▶ [Data for analysis]
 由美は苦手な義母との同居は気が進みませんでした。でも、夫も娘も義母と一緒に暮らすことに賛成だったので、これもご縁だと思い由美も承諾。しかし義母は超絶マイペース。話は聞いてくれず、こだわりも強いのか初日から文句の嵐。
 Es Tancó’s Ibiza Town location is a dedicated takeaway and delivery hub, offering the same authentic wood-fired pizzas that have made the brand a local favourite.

---

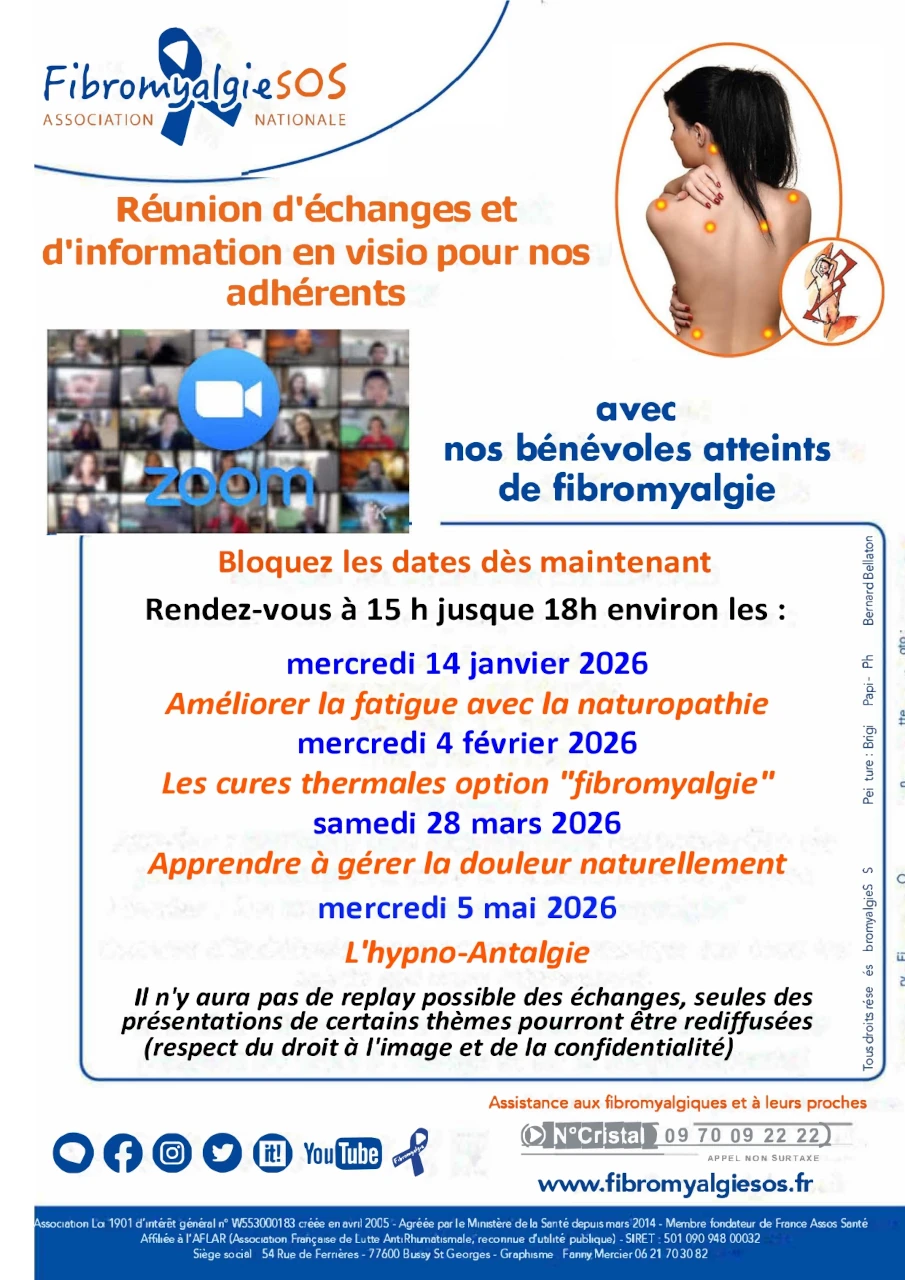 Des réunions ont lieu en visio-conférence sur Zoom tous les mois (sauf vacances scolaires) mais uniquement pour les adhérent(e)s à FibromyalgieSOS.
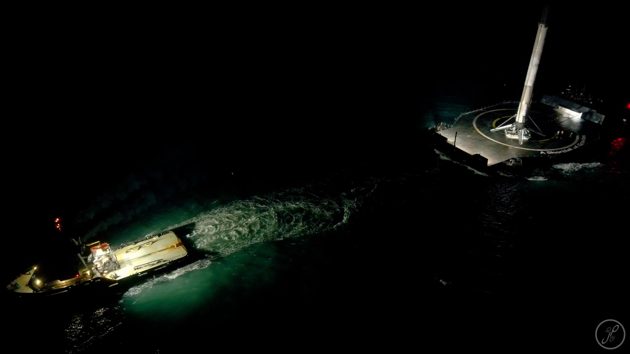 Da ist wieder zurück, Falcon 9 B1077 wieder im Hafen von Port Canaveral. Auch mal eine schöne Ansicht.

* * *

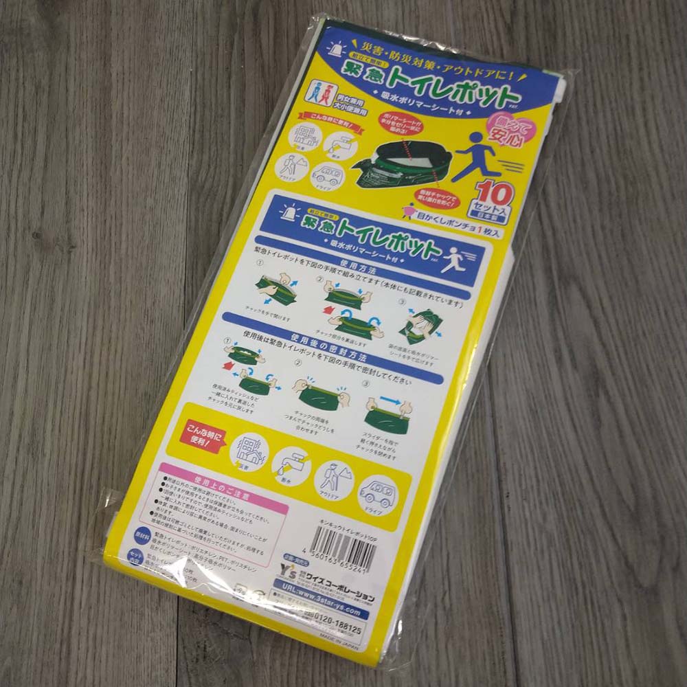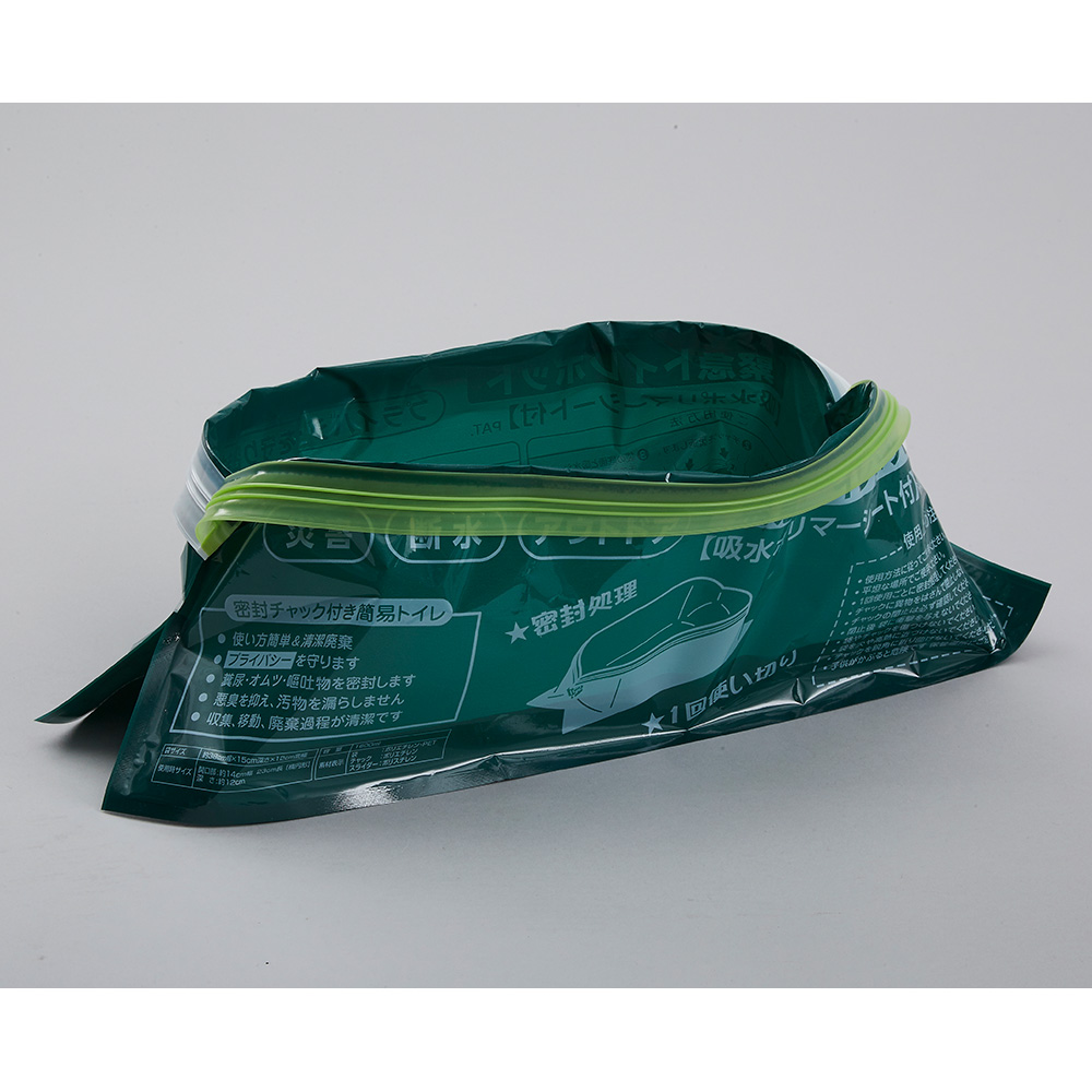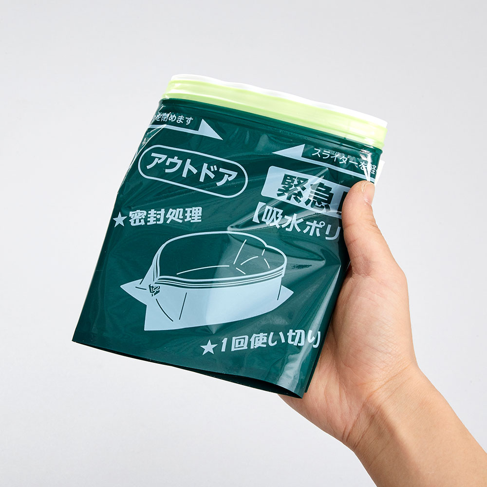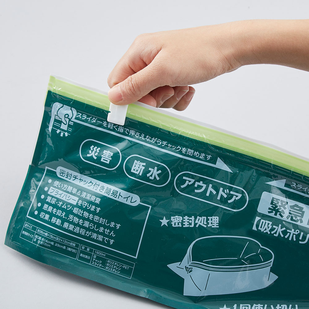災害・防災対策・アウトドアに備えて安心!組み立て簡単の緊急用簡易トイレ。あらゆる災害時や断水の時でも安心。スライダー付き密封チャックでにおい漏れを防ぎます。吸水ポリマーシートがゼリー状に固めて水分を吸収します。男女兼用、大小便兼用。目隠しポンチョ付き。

▶ [Your assignment] Look above for the line containing "由美は苦手な義母との同居は気". Output from there through the line containing "Es Tancó’s Ibiza", exactly and inclusively.

▶ [Completed exercise]
 由美は苦手な義母との同居は気が進みませんでした。でも、夫も娘も義母と一緒に暮らすことに賛成だったので、これもご縁だと思い由美も承諾。しかし義母は超絶マイペース。話は聞いてくれず、こだわりも強いのか初日から文句の嵐。
 Es Tancó’s Ibiza Town location is a dedicated takeaway and delivery hub, offering the same authentic wood-fired pizzas that have made the brand a local favourite.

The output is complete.